■ TASK ITEM ■
Pictures stay out of the copy. Retype exactly, and only, the lines from the one containing "7月27日,小朋友在廣西南寧" through the end of the listing below.

■ EXERCISE INPUT ■
--- --- ---
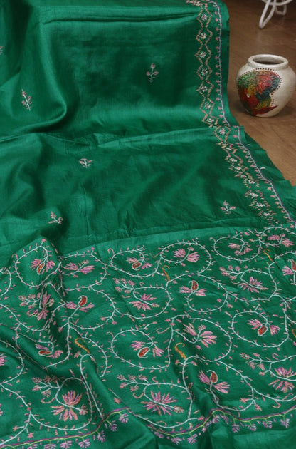 The Green Embroidered Sozni Work Kashmiri Pure Silk Saree is a stunning piece of traditional Indian clothing that is perfect for any special occasion. Made from pure silk, this saree is soft, lightweight, and comfortable to wear. The intricate embroidery work on the saree is done using the Sozni technique, which is a traditional embroidery style from the Kashmir region of India. The saree features beautiful floral and paisley designs in shades of green, gold, and white, which add to its overall elegance and charm.
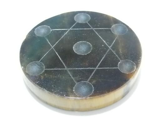 七星陣■オールインワン(小:約50mm) 盤のサイズの目安は50mm径×10mm厚ですが、手加工なため5mm程度の幅があります。手加工なため、七星模様は均等なバランスではありません。画像の品はサンプルです。 |
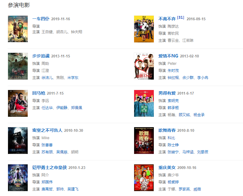 2019年10月29日,主演的都市喜劇《一車四仆》宣布定檔11月16日登陸全國院線。
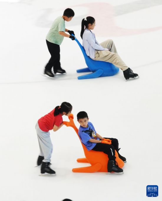 7月27日,小朋友在廣西南寧市一家室內(nèi)滑冰場學(xué)習(xí)滑冰。
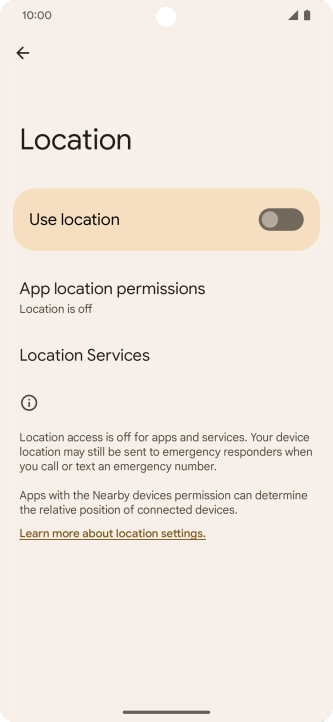 Press the indicator next to "Use location" to turn the function on or off.
--- --- ---
■ YOUR SOLUTION ■
 7月27日,小朋友在廣西南寧市一家室內(nèi)滑冰場學(xué)習(xí)滑冰。
 Press the indicator next to "Use location" to turn the function on or off.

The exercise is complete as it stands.